> _What is expected_
Give back the full listing verbatim, apart from its images.

> _Collected material_
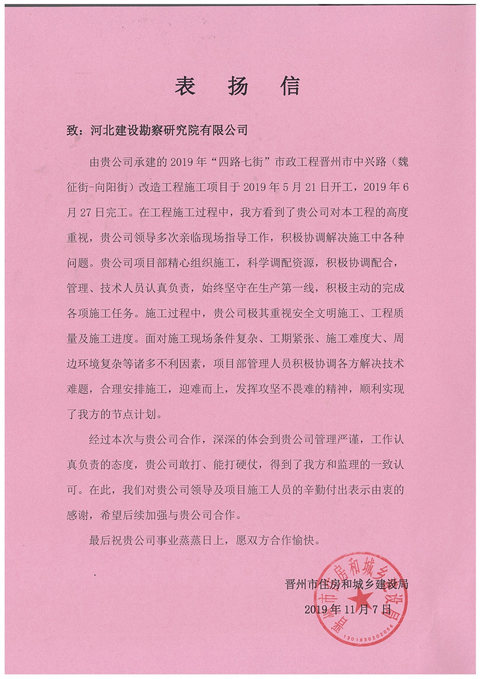 我公司承建的2019年“四路七街”市政工程晉州市中興路(魏征街-向陽街)改造工程,在施工過程中,項目部精心組織策劃,科學調配資源,主動認真負責,始終堅守在生產第一線,確保了工期、質量、安全,順利實現了業主的節點計劃,得到了業主和監理的一致認可,為晉州的后續市場開拓出了新局面。
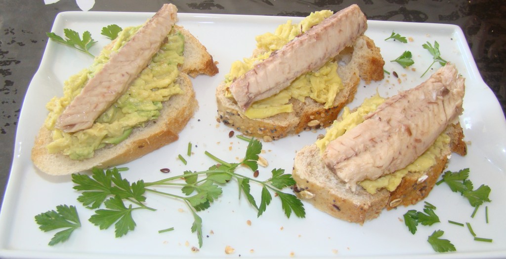 INGREDIENTES: rebanadas de pan, una lata de caballas en aceite de oliva virgen y un aguacate.
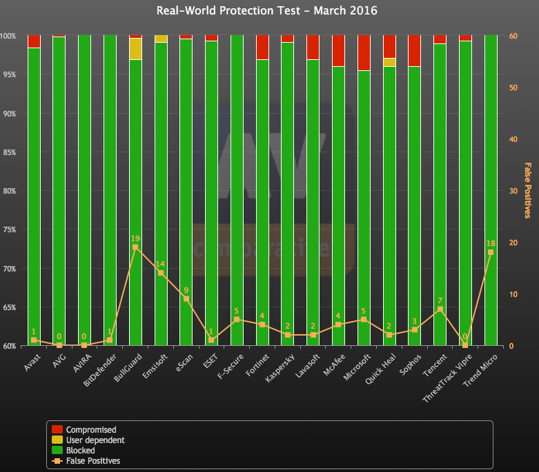 AV Comparatives zoekt voor de test op internet naar schadelijke sites die malware op je pc proberen te zetten. In maart 2016 gebruikte AV Comparatives 449 kwaadaardige sites die malware aanboden via drive-by downloads. Gekeken werd hoeveel bedreigingen geblokkeerd werden door de virusscanners in deze periode. Hieronder de resultaten.
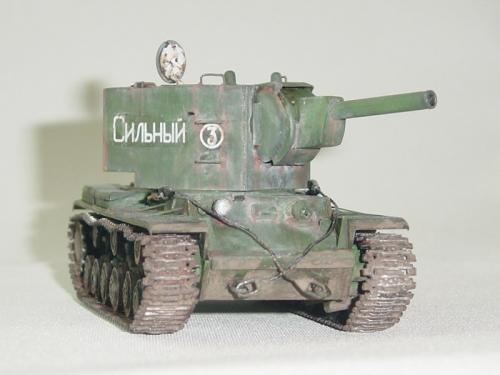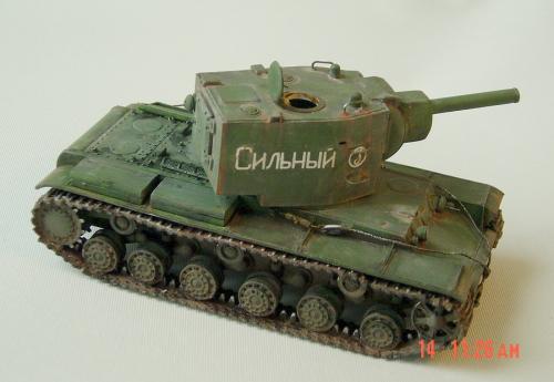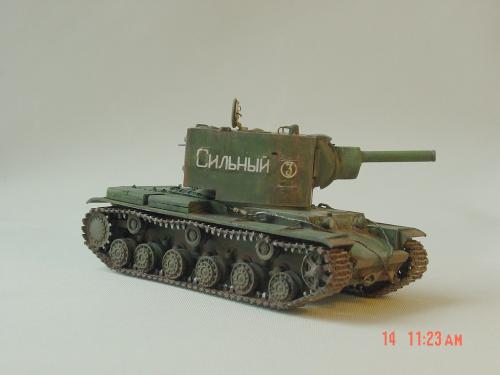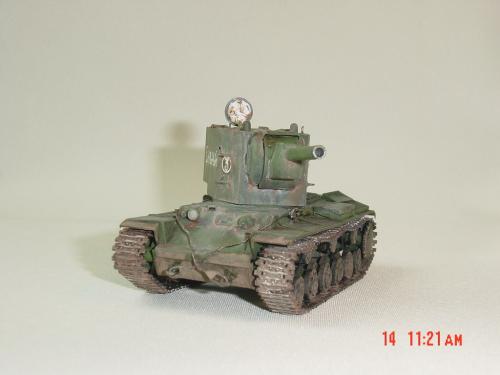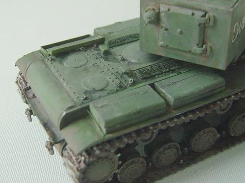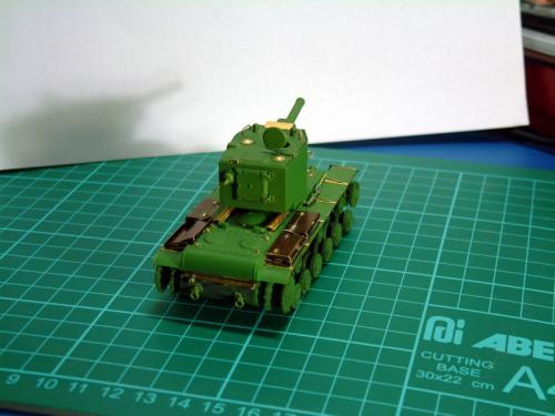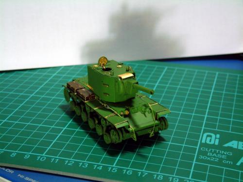 此车属于1942年7月蓝色方案开始时的布良斯克方面军第7坦克军第3近卫坦克旅的一辆KV-2。 KV-2型坦克装有1门M-10型152毫米榴弹炮。之所以采用这样大口径的火炮,其目的是为了能够摧毁敌方坚固的防御工事(譬如芬兰的曼纳海姆防线)。但这也使坦克的炮塔变得特别巨大,不仅导致车体行动不便,而且看上去宛如一个立在坦克底盘上的小房子。因此就有人给KV-2坦克取了一个不大文雅的外号“公共厕所”。 使用套材为PST No:72017的1:72系列苏军二战战车--KV-2。中途又购得PART的蚀刻片用来加强细节,工具箱、翼子板支架、进、排气口网罩、炮盾防雨罩等等都是蚀刻片,原蚀刻片的登车扶手太薄弃置不用改为铜丝制作。最精彩的是发动机盖板上的提吊环也可改为蚀刻片还是可动的。152MM的炮管和拖曳钢缆为老熊提供的金属炮管和铜丝缆绳。PST的板件组合度不错细节尚可,大量的蚀刻片的处理是整车的难点,1:72的蚀刻片十分细小,花了我大约一周的业余时间处理。但完工后效果的确不错。 在上色处理时先喷底色,在喷郡士的苏军早期绿,采用滤镜法渍洗后,又尝试用新购得的天然土再做一遍滤镜旧化。包括底盘、履带、车轮的泥污,发动机罩、进、排气口上的油污,整车的锈痕,整车混色。拍照时天气不好影响了效果大家见谅。另外PST的水贴纸质量不是很好也影响了旧化效果。 整套模型耗时约3个月时第一次尝试1:72的战车蚀刻片和天然土旧化技术的使用,希望大家多多指正。

> _Solution to this task_
 我公司承建的2019年“四路七街”市政工程晉州市中興路(魏征街-向陽街)改造工程,在施工過程中,項目部精心組織策劃,科學調配資源,主動認真負責,始終堅守在生產第一線,確保了工期、質量、安全,順利實現了業主的節點計劃,得到了業主和監理的一致認可,為晉州的后續市場開拓出了新局面。
 INGREDIENTES: rebanadas de pan, una lata de caballas en aceite de oliva virgen y un aguacate.
 AV Comparatives zoekt voor de test op internet naar schadelijke sites die malware op je pc proberen te zetten. In maart 2016 gebruikte AV Comparatives 449 kwaadaardige sites die malware aanboden via drive-by downloads. Gekeken werd hoeveel bedreigingen geblokkeerd werden door de virusscanners in deze periode. Hieronder de resultaten.
 此车属于1942年7月蓝色方案开始时的布良斯克方面军第7坦克军第3近卫坦克旅的一辆KV-2。 KV-2型坦克装有1门M-10型152毫米榴弹炮。之所以采用这样大口径的火炮,其目的是为了能够摧毁敌方坚固的防御工事(譬如芬兰的曼纳海姆防线)。但这也使坦克的炮塔变得特别巨大,不仅导致车体行动不便,而且看上去宛如一个立在坦克底盘上的小房子。因此就有人给KV-2坦克取了一个不大文雅的外号“公共厕所”。 使用套材为PST No:72017的1:72系列苏军二战战车--KV-2。中途又购得PART的蚀刻片用来加强细节,工具箱、翼子板支架、进、排气口网罩、炮盾防雨罩等等都是蚀刻片,原蚀刻片的登车扶手太薄弃置不用改为铜丝制作。最精彩的是发动机盖板上的提吊环也可改为蚀刻片还是可动的。152MM的炮管和拖曳钢缆为老熊提供的金属炮管和铜丝缆绳。PST的板件组合度不错细节尚可,大量的蚀刻片的处理是整车的难点,1:72的蚀刻片十分细小,花了我大约一周的业余时间处理。但完工后效果的确不错。 在上色处理时先喷底色,在喷郡士的苏军早期绿,采用滤镜法渍洗后,又尝试用新购得的天然土再做一遍滤镜旧化。包括底盘、履带、车轮的泥污,发动机罩、进、排气口上的油污,整车的锈痕,整车混色。拍照时天气不好影响了效果大家见谅。另外PST的水贴纸质量不是很好也影响了旧化效果。 整套模型耗时约3个月时第一次尝试1:72的战车蚀刻片和天然土旧化技术的使用,希望大家多多指正。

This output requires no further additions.